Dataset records
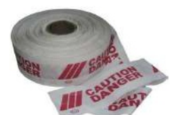
Caution Barricade Tape
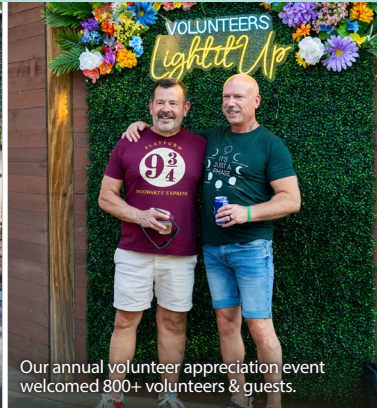
Our annual volunteer appreciation event welcomed 800+ volunteers & guests.

2024 was a tremendous year for Cleveland Metroparks thanks to the collective impact of our volunteers. A total of 1,596 ongoing volunteers donated 107,634 hours across the Emerald Necklace, making a lasting impact on our parks, golf courses and Zoo. And over 5,508 group and episodic volunteers gave an additional 27,648 hours, furthering our mission and strengthening our communities.
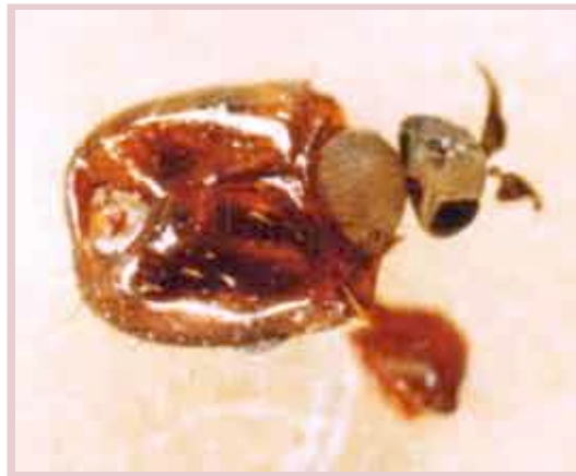
Figure 4. A young phorid fly emerges from the ant's head after pupating.
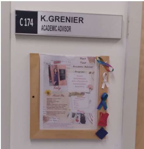
6. The person who helps you navigate your journey — find your academic advisor's space! Building: Champlain Building
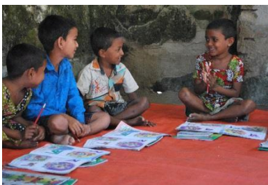
Rural schools do not have proper learning tools (Bangladesh, @NETZ e.V., 2015).
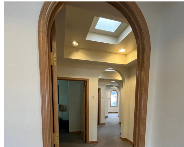
HALLWAY TO EXAM ROOMS
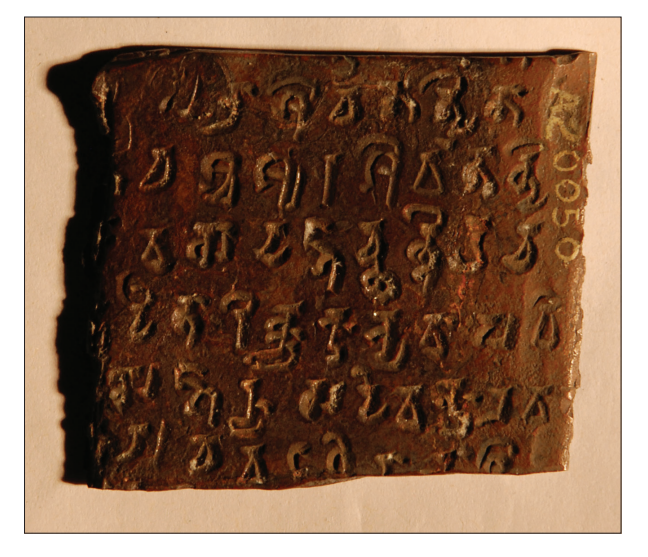
Pl. 14. Obverse of the fragment of a plate from Baigram
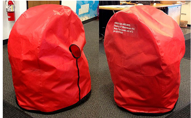
Boeing 757 Tire Covers, great for Wash Prep or Storage
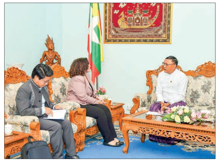
The Regional Director of UN Women Asia and Pacific Office in Bangkok calls on Deputy Foreign Affairs Minister U Ko Ko Kyaw.

Also, present at the meeting were senior officials of the Ministry of Foreign Affairs. - MNA

= The problem =
Output all data exactly, omitting images.

= Your response =
Caution Barricade Tape
Our annual volunteer appreciation event welcomed 800+ volunteers & guests.

2024 was a tremendous year for Cleveland Metroparks thanks to the collective impact of our volunteers. A total of 1,596 ongoing volunteers donated 107,634 hours across the Emerald Necklace, making a lasting impact on our parks, golf courses and Zoo. And over 5,508 group and episodic volunteers gave an additional 27,648 hours, furthering our mission and strengthening our communities.
Figure 4. A young phorid fly emerges from the ant's head after pupating.
6. The person who helps you navigate your journey — find your academic advisor's space! Building: Champlain Building
Rural schools do not have proper learning tools (Bangladesh, @NETZ e.V., 2015).
HALLWAY TO EXAM ROOMS
Pl. 14. Obverse of the fragment of a plate from Baigram
Boeing 757 Tire Covers, great for Wash Prep or Storage
The Regional Director of UN Women Asia and Pacific Office in Bangkok calls on Deputy Foreign Affairs Minister U Ko Ko Kyaw.

Also, present at the meeting were senior officials of the Ministry of Foreign Affairs. - MNA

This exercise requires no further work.